昔、大和の国の当麻に当麻蹴速(けはや)…

 昔、大和の国の当麻に当麻蹴速(けはや)という力自慢がいた。「蹴速と互角に戦える者はいないのか」との天皇の求めに応じた出雲の国の勇士・野見宿禰(のみのすくね)と対戦した。

 両者、足を上げて蹴りあい、最後は蹴速が骨を折られて敗れた。日本書紀垂仁天皇7年7月7日の記述で相撲の発祥とされる。

 明治末から大正に活躍した力士・鶴ケ濱は蹴速と同じ旧当麻町(現葛城市)出身。大相撲初場所で徳勝龍が優勝するまで唯一の県出身優勝力士だった。

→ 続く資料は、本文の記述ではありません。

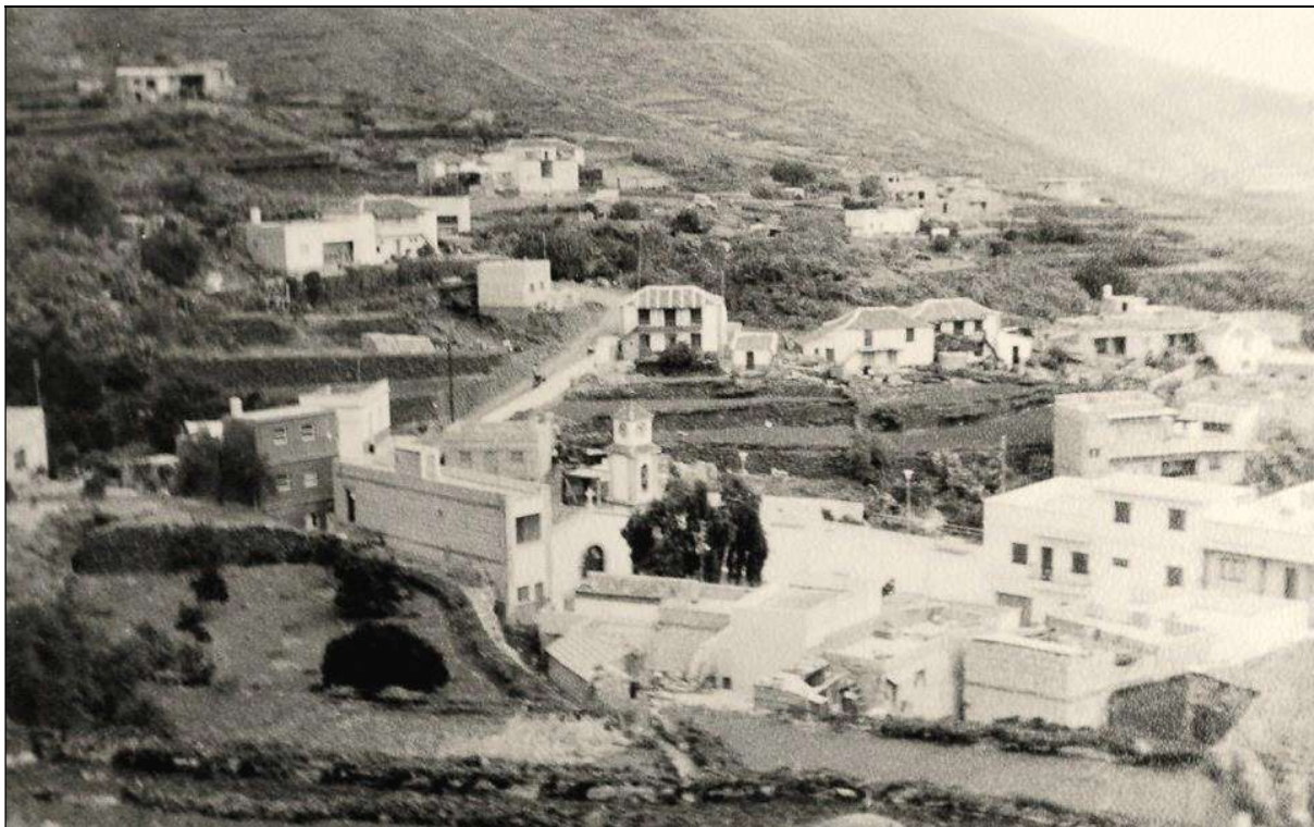
La Sociedad “C.D. Cárdenes” animó la vida deportiva y recreativa de Barranco Hondo, por lo menos desde 1943 hasta 1955.

 右四つからの吊り寄りが得意だった鶴ケ濱の優勝は大正11年の1月場所。大関を撃破し1敗での平幕優勝と、今回の徳勝龍の快挙と重なる部分も多い。その後、小結にまで昇進し大関も期待されたが、足のけがで優勝から4年後に引退した。

 初の天覧相撲に敗れた蹴速、大関の夢半ばで破れた鶴ケ濱。徳勝龍には奈良の先人たちの無念を晴らすべく、さらに上を目指してほしい▽蹴速の顕彰を目的とした葛城市の相撲館「けはや座」では、徳勝龍の優勝記念展を企画。鶴ケ濱の化粧まわしなどの展示を予定している。(法)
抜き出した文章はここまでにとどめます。